Monday, July 15, 2013

Correcting a left handed mistake - tutorial

Clothesline Carry-All

Mini-Tutorial & Error Correction!

     Today I would like to share some a-ha moments I had when creating the Clothesline Carry-All tote using the pattern from Indygo Junction.  Many of you may not know that I am left handed...many days I forget it myself as I can rotary cut as well as demo many things right-handed.  Well today was not one of those days.  This past Saturday we had a class on this bag in the shop taught by one of our instructors.  Many times when I am not the instructor, I do not really read the pattern (no surprises there!).

     As the class progressed, I realized I really had to make one of these bags, so I drifted in an out of the classroom thinking I had gotten most of the info and shouldn't really even need the pattern.....NOT!

     Now, I will tell you that I heard Rae mention the phrase "to the right" multiple times.  It did not compute.  This is my mini-tutorial as well as error correction so that you know all is never lost and the end result looks simply fabulous.

     The basic premise of this bag construction is wrapping your strips of fabric around clothesline and zig zag stitching "in the round".  The wrap on this is a little different than the bags and bowls you have seen in the past..you are simply folding the fabric around the cording instead of wrapping around and around (which leaves frayed raggedy edges).  This is a much cleaner and easier version!

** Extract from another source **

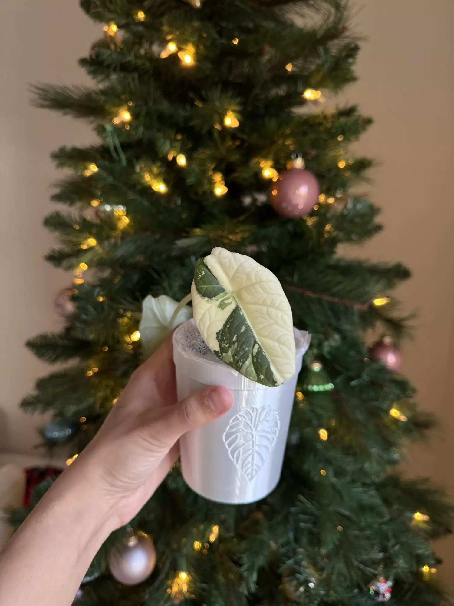 Beautifully variegated maharani albo pup from mama in last pic. Even better…she’s showing PINK. You can really tell with the back light on the bottom right of the leaf. Shipping includes UPS 3-day and insulation.

So this is where I was when I realized exactly what "to the right" meant.  Can you see the problem yet??  The problem is the fact that as I am turning and adding the clothesline, my work is turning toward the inside of my machine.  This will not work for much longer!  Your first thought would be to simply turn it over and keep going; however, that won't work because the underside of the piece is where all the raw edges live.  What you are looking at becomes the outside of your bag.  The correction came to me at about 2 am (as all great ideas do)...so here goes....

      First cut your clothesline approx. 1" in from the end of the strip.  Fold it over the clothesline and continue sewing, tucking the end of the strip (without the clothesline in it) under the work to finish off)

      Take your next strip, start the clothesline approx 1" down from the edge of the strip.  Fold it over.

     Turn your work to the opposite side of your presser foot, beginning at the other end of the oval.  You don't want to have where you finished and where you started in the same spot...this may throw off the balance of the bag.  Tuck the raw edge to the underside of the bag base and begin your zig zag stitching.  NOW you may continue to work through the pattern as though there were never a problem!

     As the bag progresses, you can now see why it was so important to be working "TO THE RIGHT"!  

      My finished bag and lining shot.  Tomorrow I will go over how to construct the lining.  Every bag turns out slightly different so you need to make your own pattern.  I will go over some of the basic principles.

     Indygo Junction pattern & jelly roll Simply Style by V and Co for Moda.   Love, Love Love!